*** MATERIAL FOR THIS EXERCISE ***

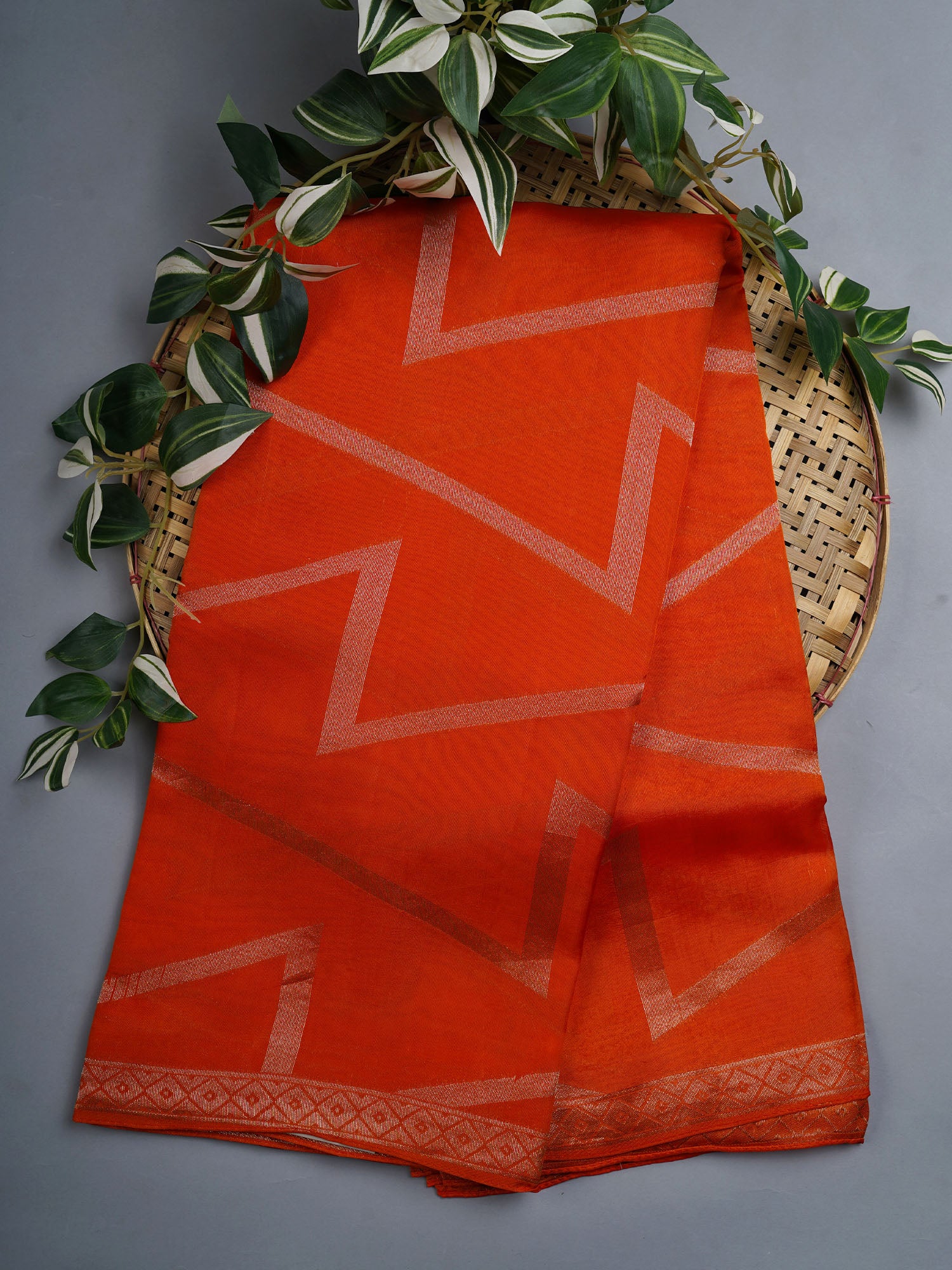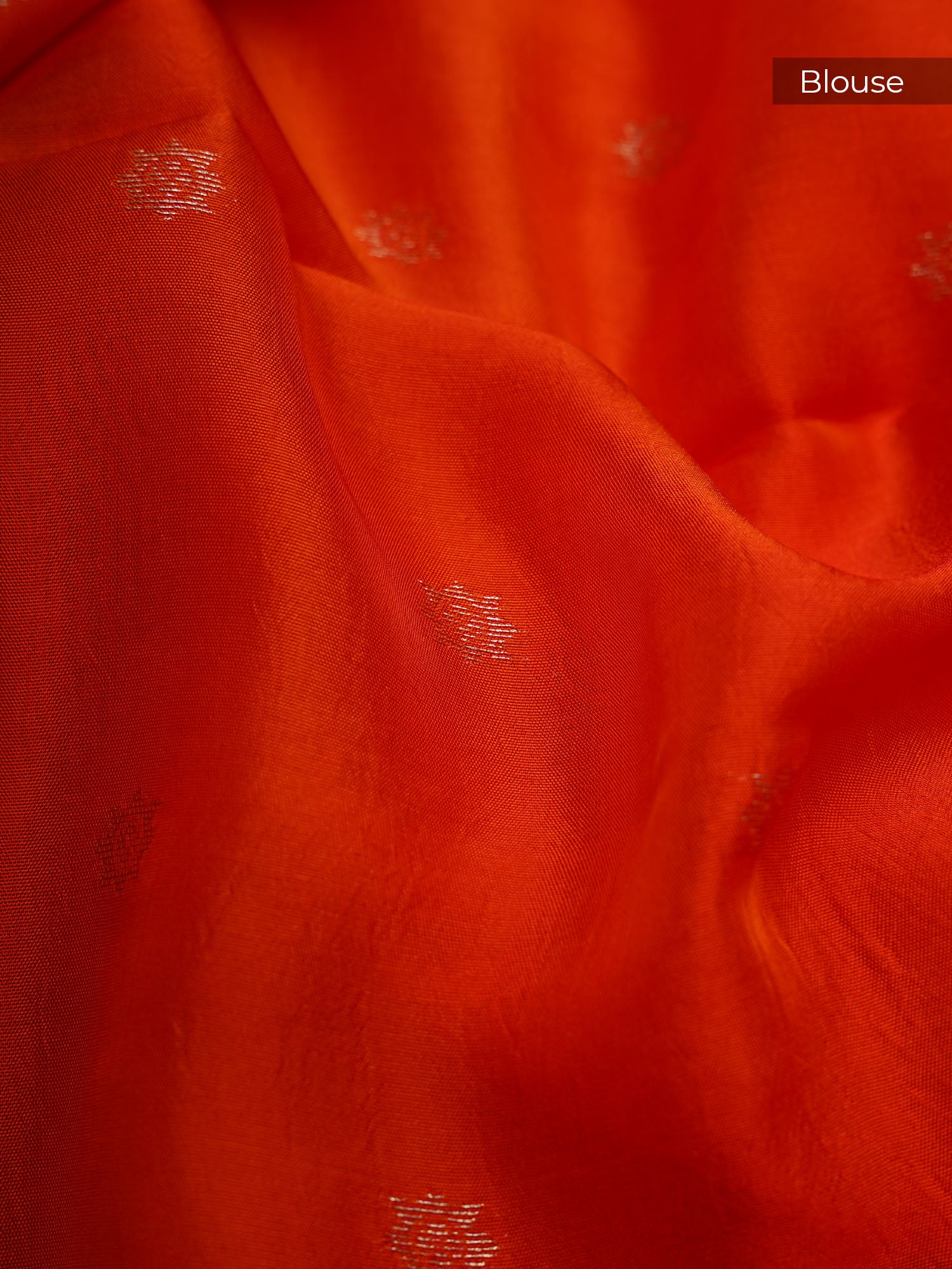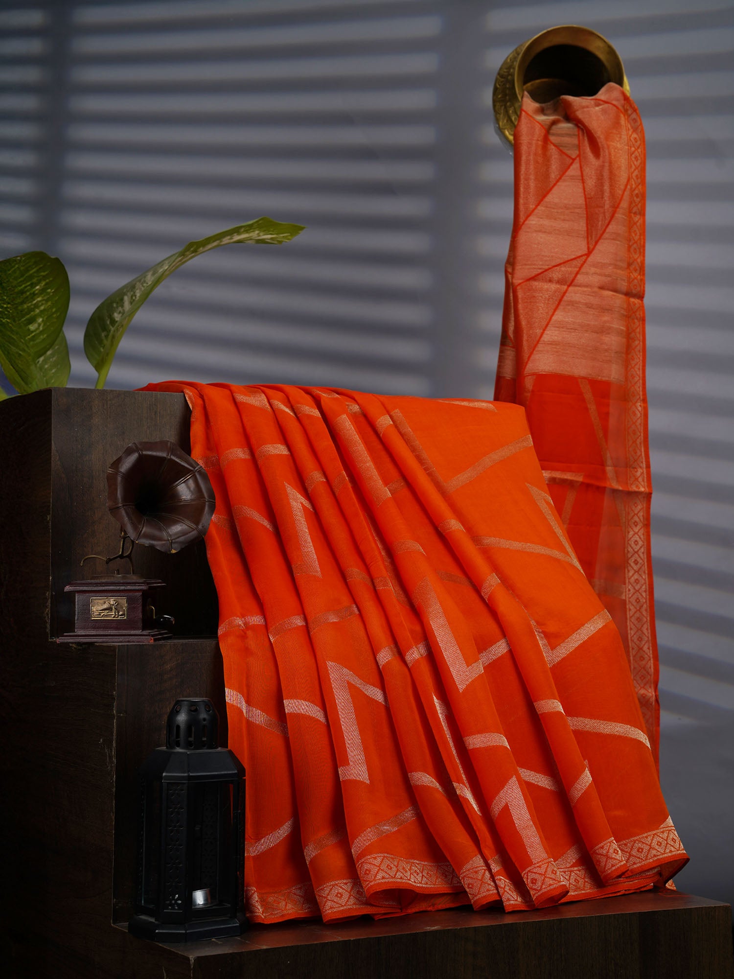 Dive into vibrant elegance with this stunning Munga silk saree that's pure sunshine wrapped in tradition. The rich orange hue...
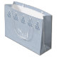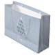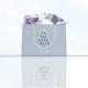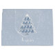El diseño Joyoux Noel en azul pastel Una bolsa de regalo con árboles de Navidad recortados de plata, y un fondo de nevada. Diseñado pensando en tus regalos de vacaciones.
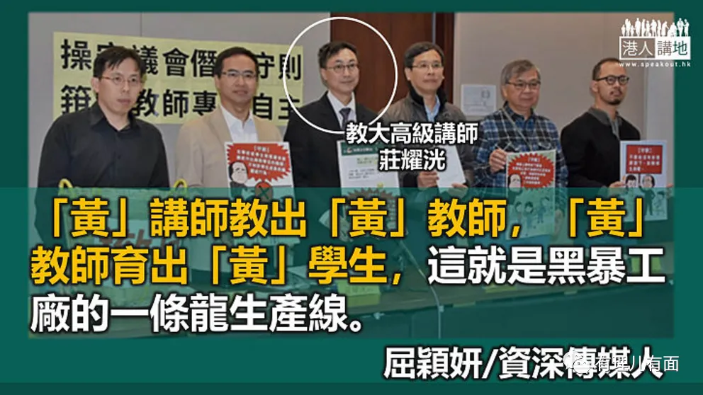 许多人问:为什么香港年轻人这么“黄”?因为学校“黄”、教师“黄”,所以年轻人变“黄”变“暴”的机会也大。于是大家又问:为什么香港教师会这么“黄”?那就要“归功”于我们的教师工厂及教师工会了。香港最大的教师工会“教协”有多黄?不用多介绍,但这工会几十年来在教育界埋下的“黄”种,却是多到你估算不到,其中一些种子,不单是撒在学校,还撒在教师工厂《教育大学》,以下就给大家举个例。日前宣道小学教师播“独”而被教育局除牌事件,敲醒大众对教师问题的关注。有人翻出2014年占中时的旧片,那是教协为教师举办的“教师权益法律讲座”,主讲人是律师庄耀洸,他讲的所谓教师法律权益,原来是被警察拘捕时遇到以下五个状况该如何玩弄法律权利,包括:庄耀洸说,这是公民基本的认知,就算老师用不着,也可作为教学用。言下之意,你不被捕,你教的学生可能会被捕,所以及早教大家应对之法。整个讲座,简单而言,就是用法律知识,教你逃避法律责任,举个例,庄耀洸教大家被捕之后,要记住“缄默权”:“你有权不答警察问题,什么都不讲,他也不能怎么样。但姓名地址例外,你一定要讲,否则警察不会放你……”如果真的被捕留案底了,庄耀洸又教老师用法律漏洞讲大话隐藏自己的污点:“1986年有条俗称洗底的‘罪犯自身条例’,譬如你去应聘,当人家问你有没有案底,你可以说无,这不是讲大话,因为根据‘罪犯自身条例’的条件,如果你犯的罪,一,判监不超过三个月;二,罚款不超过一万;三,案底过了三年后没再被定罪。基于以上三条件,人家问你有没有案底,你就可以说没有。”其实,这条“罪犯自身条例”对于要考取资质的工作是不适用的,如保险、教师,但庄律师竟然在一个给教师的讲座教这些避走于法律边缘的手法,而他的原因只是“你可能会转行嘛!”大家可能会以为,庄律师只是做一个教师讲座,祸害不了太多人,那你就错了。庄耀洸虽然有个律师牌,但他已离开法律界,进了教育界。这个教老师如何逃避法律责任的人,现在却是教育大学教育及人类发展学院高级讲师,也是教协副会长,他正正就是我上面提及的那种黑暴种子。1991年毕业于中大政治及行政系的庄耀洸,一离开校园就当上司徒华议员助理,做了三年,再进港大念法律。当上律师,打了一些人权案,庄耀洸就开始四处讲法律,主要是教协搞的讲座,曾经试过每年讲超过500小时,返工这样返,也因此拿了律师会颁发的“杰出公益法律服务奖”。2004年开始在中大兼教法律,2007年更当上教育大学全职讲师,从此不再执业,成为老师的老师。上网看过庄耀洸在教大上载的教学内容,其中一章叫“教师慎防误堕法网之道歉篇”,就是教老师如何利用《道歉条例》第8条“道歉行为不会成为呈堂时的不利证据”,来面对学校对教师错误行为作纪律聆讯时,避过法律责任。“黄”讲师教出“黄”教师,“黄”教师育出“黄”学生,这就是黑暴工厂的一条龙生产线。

*** End of MATERIAL FOR THIS EXERCISE ***
*** MATERIAL FOR THIS EXERCISE ***

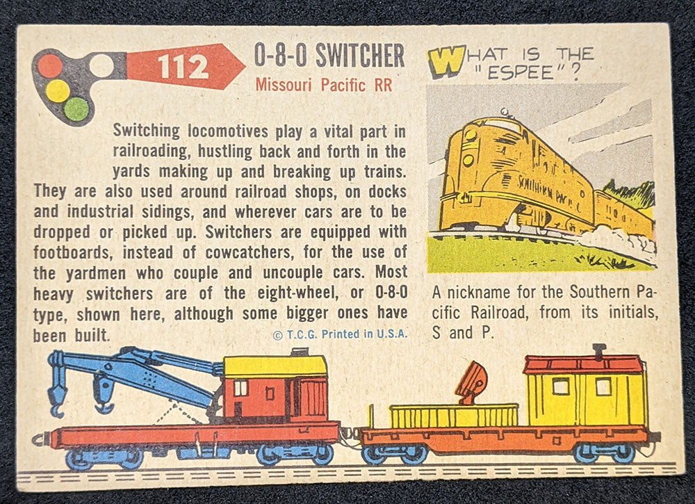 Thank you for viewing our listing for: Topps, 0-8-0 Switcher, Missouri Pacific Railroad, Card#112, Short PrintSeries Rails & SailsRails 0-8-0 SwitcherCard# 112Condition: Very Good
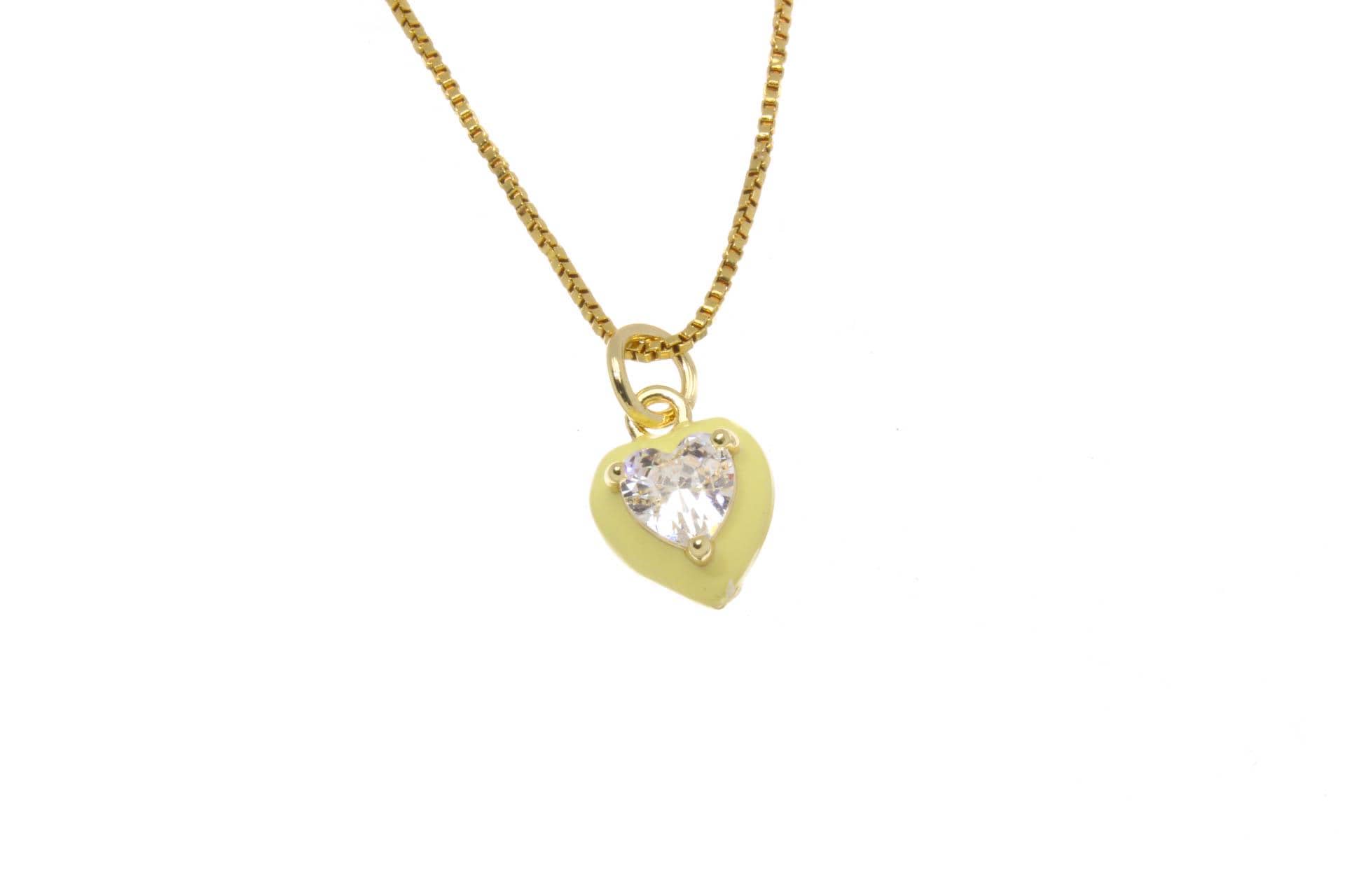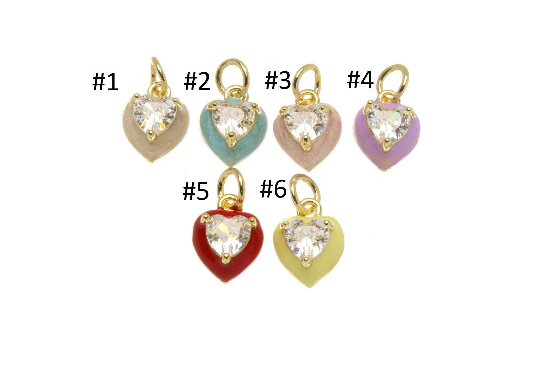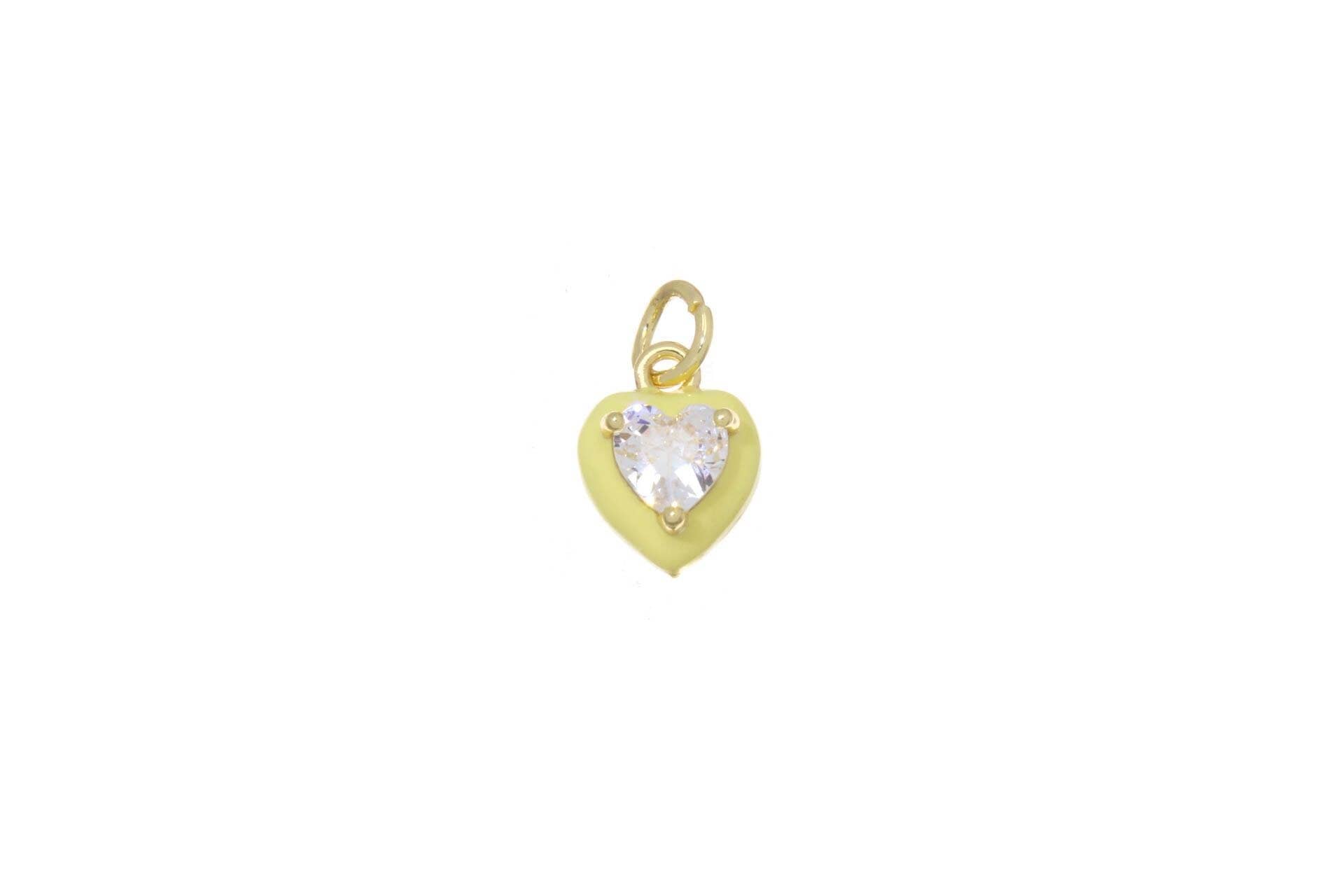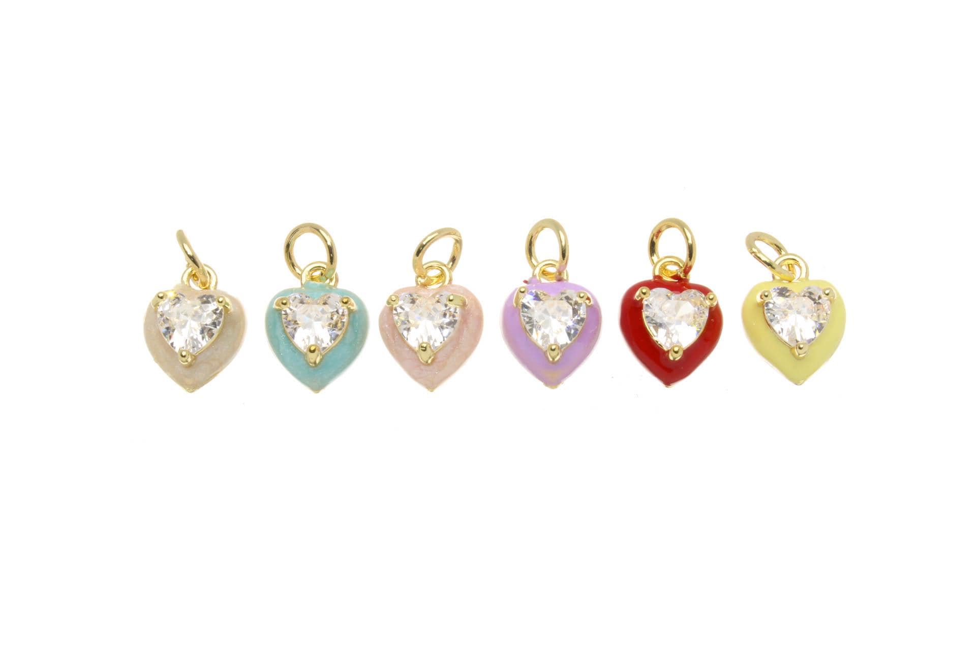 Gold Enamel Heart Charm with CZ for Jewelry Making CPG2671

*** End of MATERIAL FOR THIS EXERCISE ***

» **TASK DIRECTIONS**
Given the records above, return the lines starting at the one that holds "Thank you for" and ending at the one that holds "Gold Enamel Heart", exactly, and nothing besides; leave every picture out.

» **TASK ANSWER**
 Thank you for viewing our listing for: Topps, 0-8-0 Switcher, Missouri Pacific Railroad, Card#112, Short PrintSeries Rails & SailsRails 0-8-0 SwitcherCard# 112Condition: Very Good
 Gold Enamel Heart Charm with CZ for Jewelry Making CPG2671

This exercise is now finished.